TASK TO CARRY OUT: Word for word, copy the lines beginning at the one with "На 3-му поверсі" and ending at the last line below; pictures stay out.

Stored data:
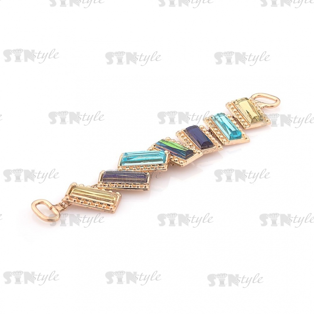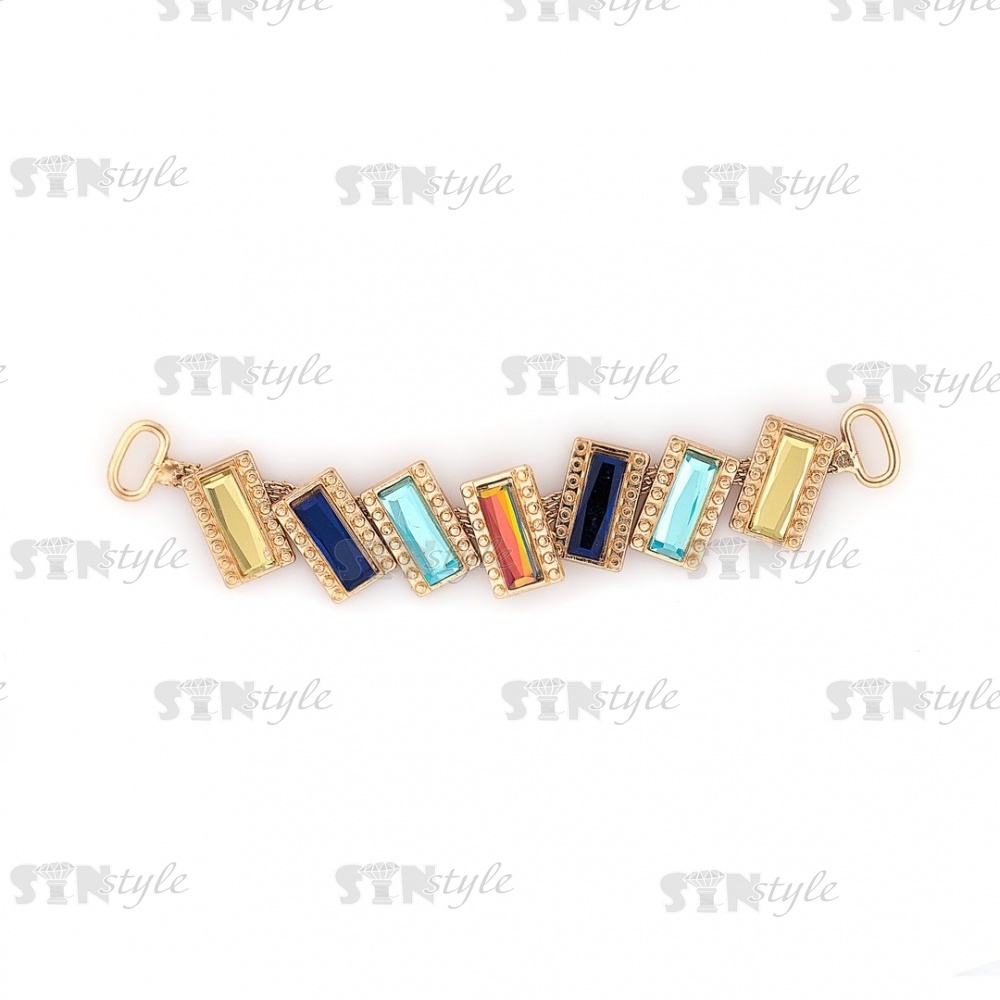 Декоративное украшение пришивное металлическое, цвет золото+цветные стразы, размер 123х20 мм
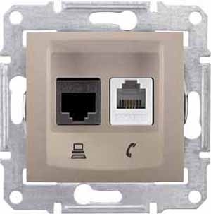• Розетка телефонная RJ11 + компьютерная RJ45 кат.6 UTP Schneider Electric Sedna Титан
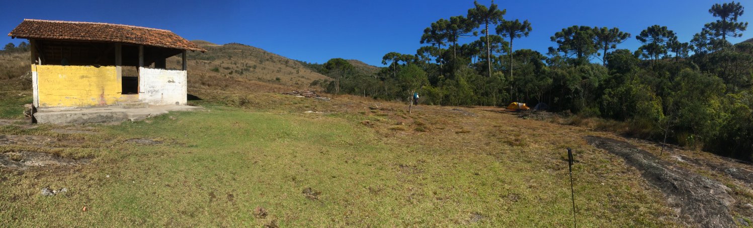 O rancho tem um abrigo, que é uma casinha amarela e branca, toda rabiscada pelos que lá frequentam, pelo que fiquei sabendo ali passou por uma reforma e sim o telhado está inteiro, devendo servir ali para que os trilheiros se protejam da chuva, para que façam um bivak, e principalmente para cozinhar, já que possui um fogão à lenha, tendo carvão e lenha cortadas, pelo menos dessa vez tinha. Boa parte do terreno em torno é plano, e quando chegamos lá por volta das 13h40, só tinham duas barracas montadas, pudemos então escolher os melhores lugares, ficamos numa área sombreada protegida pelas araucárias e rodeados por bancos e uma mesa de madeira, logo atrás ficava uma parte de mata, e o rio que servia tanto para tomar banho, quanto para nos abastecermos de água, ou seja, um acampamento perfeito, com certeza dos melhores que eu já fiquei, em questão de minutos já me sentia em casa. Aos poucos a galera foi chegando, primeiro Danilo e Davi, depois os casais, que lamentaram termos pego “os melhores lugares” kkk, paciência né. Apesar de termos chegado cedo, o tempo voava batendo asas, até que o Marcelão se animou e disse que ia atacar o Chorão, fiz coro à essa ideia e da nossa trupe todos fomos, exceção feita ao Danilo. Em questão de minutos (7 min), subimos ao Pico do Chorão (1800m), a vista de lá como tudo nessa travessia, é sensacional, conseguimos ver boa parte da serra do papagaio; lá encontramos os Ituanos, (Denis e Roger, dois amigos de Itu que fizeram conosco a travessia), e ficamos papeando sobre montanhismo, manejo de áreas e parques, turismo no Brasil e por aí vai…São sempre temas ligados ao montanhismo e trilhas, trocar experiências com essa galera é um privilégio, do alto do chorão ficamos contemplando o horizonte e curtindo a brisa, mas não ficamos para ver o pôr do sol, descemos antes.
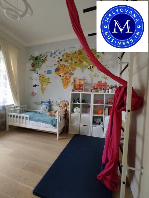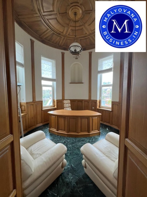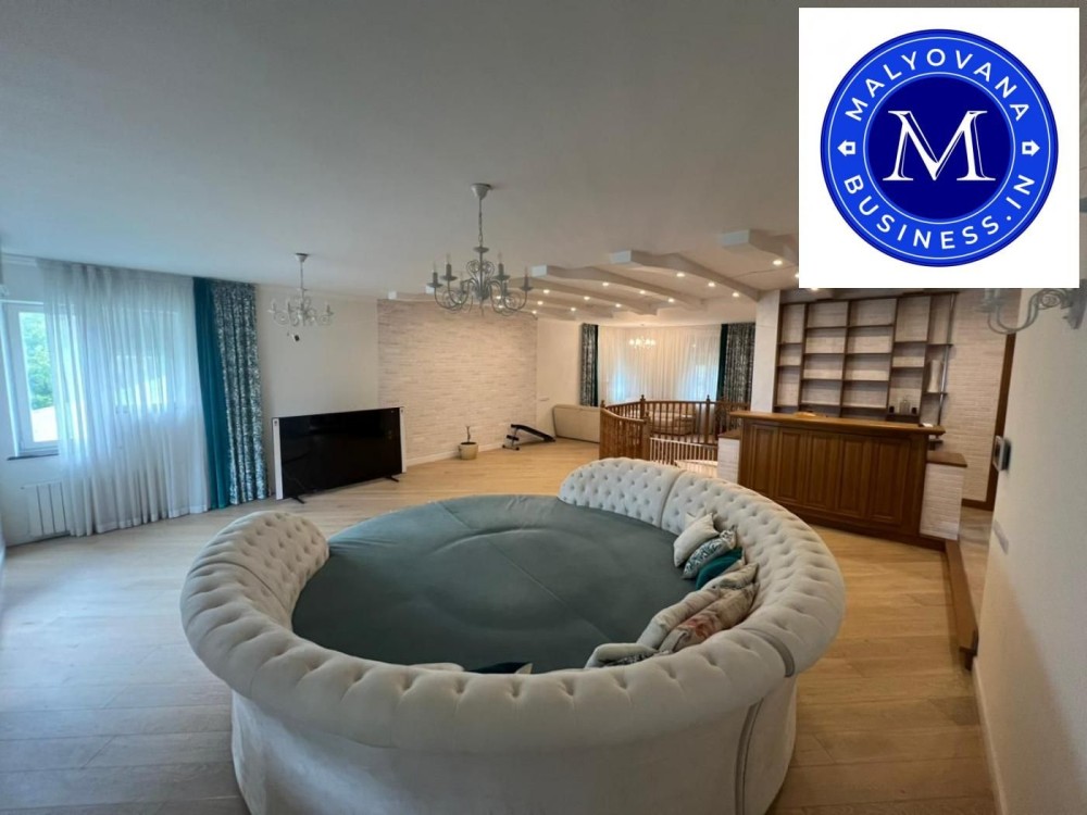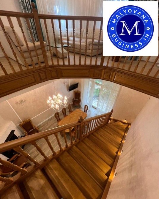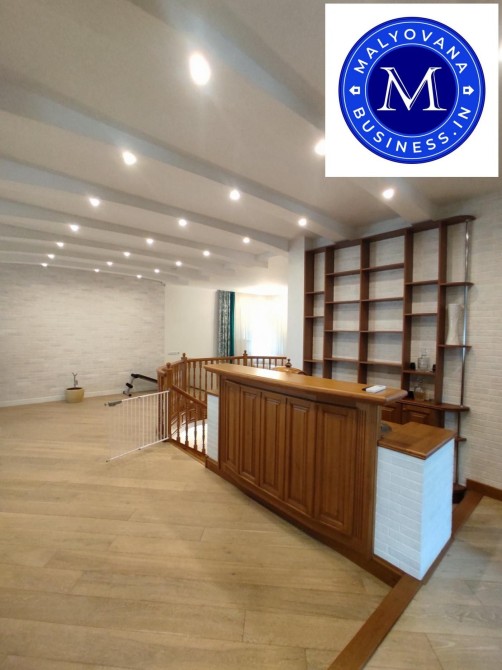 На 3-му поверсі — кабінет із меблями з масиву дерева, ще одна спальня, велика зала з круглим диваном, барна стійка, санвузол.
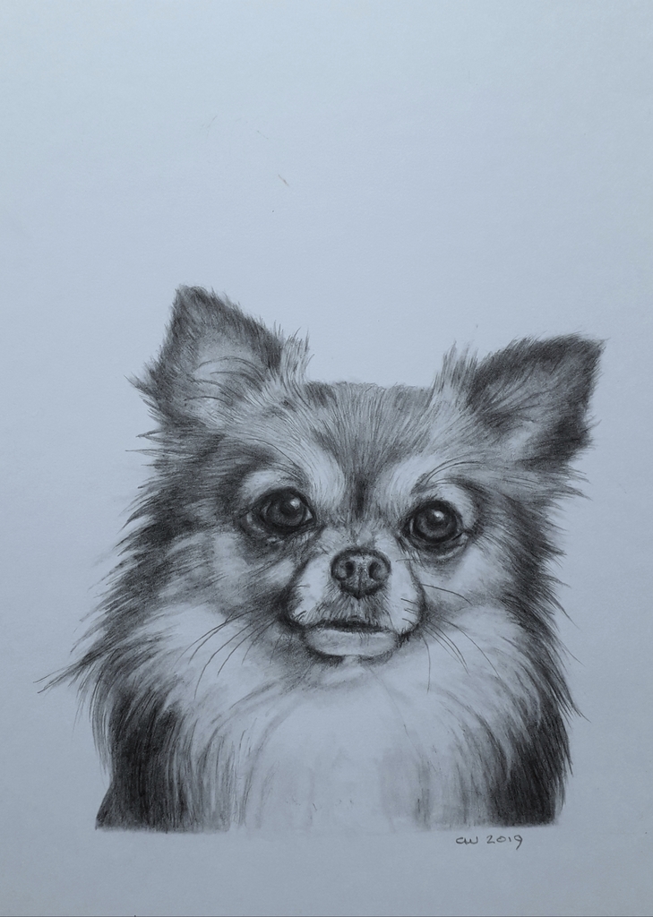 Klein portretje van Pepper. Grafietpotlood.
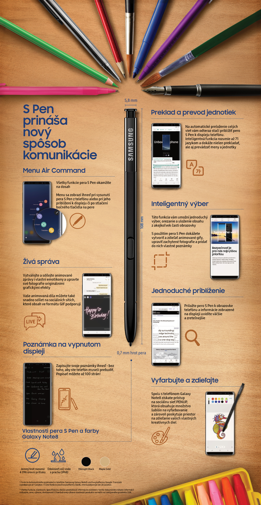 Modernizované pero S Pen, ktoré ponúka zábavnú funkciu Live Message, vylepšené možnosti pre vytváranie poznámok na vypnutom displeji a dokonalejší preklad, umožňuje užívateľom vyjadrovať sa spôsobmi, akými to nedokáže žiadny konvenčný stylus.
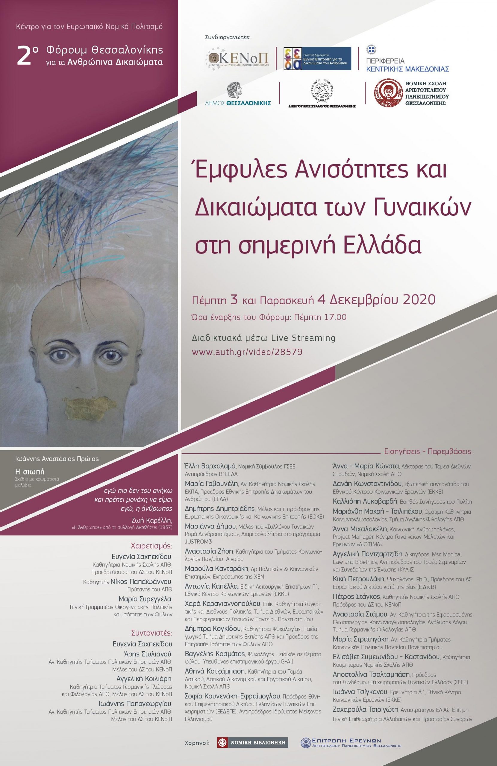 Το 2ο Φόρουμ Θεσσαλονίκης για τα Ανθρώπινα Δικαιώματα στην Ελλάδα και την Ευρώπη με θέμα «Έμφυλες Ανισότητες και Δικαιώματα των Γυναικών στη σημερινή Ελλάδα» διοργανώνεται από το Κέντρο για τον Ευρωπαϊκό Νομικό Πολιτισμό (ΚΕΝοΠ) του ΑΠΘ σε συνεργασία με την Εθνική Επιτροπή για τα Δικαιώματα του Ανθρώπου (ΕΕΔΑ), την Περιφέρεια Κεντρικής Μακεδονίας, τον Δήμο Θεσσαλονίκης, τη Νομική Σχολή του ΑΠΘ και τον Δικηγορικό Σύλλογο Θεσσαλονίκης (ΔΣΘ).

SOLUTION TO THE PROBLEM:
 На 3-му поверсі — кабінет із меблями з масиву дерева, ще одна спальня, велика зала з круглим диваном, барна стійка, санвузол.
 Klein portretje van Pepper. Grafietpotlood.
 Modernizované pero S Pen, ktoré ponúka zábavnú funkciu Live Message, vylepšené možnosti pre vytváranie poznámok na vypnutom displeji a dokonalejší preklad, umožňuje užívateľom vyjadrovať sa spôsobmi, akými to nedokáže žiadny konvenčný stylus.
 Το 2ο Φόρουμ Θεσσαλονίκης για τα Ανθρώπινα Δικαιώματα στην Ελλάδα και την Ευρώπη με θέμα «Έμφυλες Ανισότητες και Δικαιώματα των Γυναικών στη σημερινή Ελλάδα» διοργανώνεται από το Κέντρο για τον Ευρωπαϊκό Νομικό Πολιτισμό (ΚΕΝοΠ) του ΑΠΘ σε συνεργασία με την Εθνική Επιτροπή για τα Δικαιώματα του Ανθρώπου (ΕΕΔΑ), την Περιφέρεια Κεντρικής Μακεδονίας, τον Δήμο Θεσσαλονίκης, τη Νομική Σχολή του ΑΠΘ και τον Δικηγορικό Σύλλογο Θεσσαλονίκης (ΔΣΘ).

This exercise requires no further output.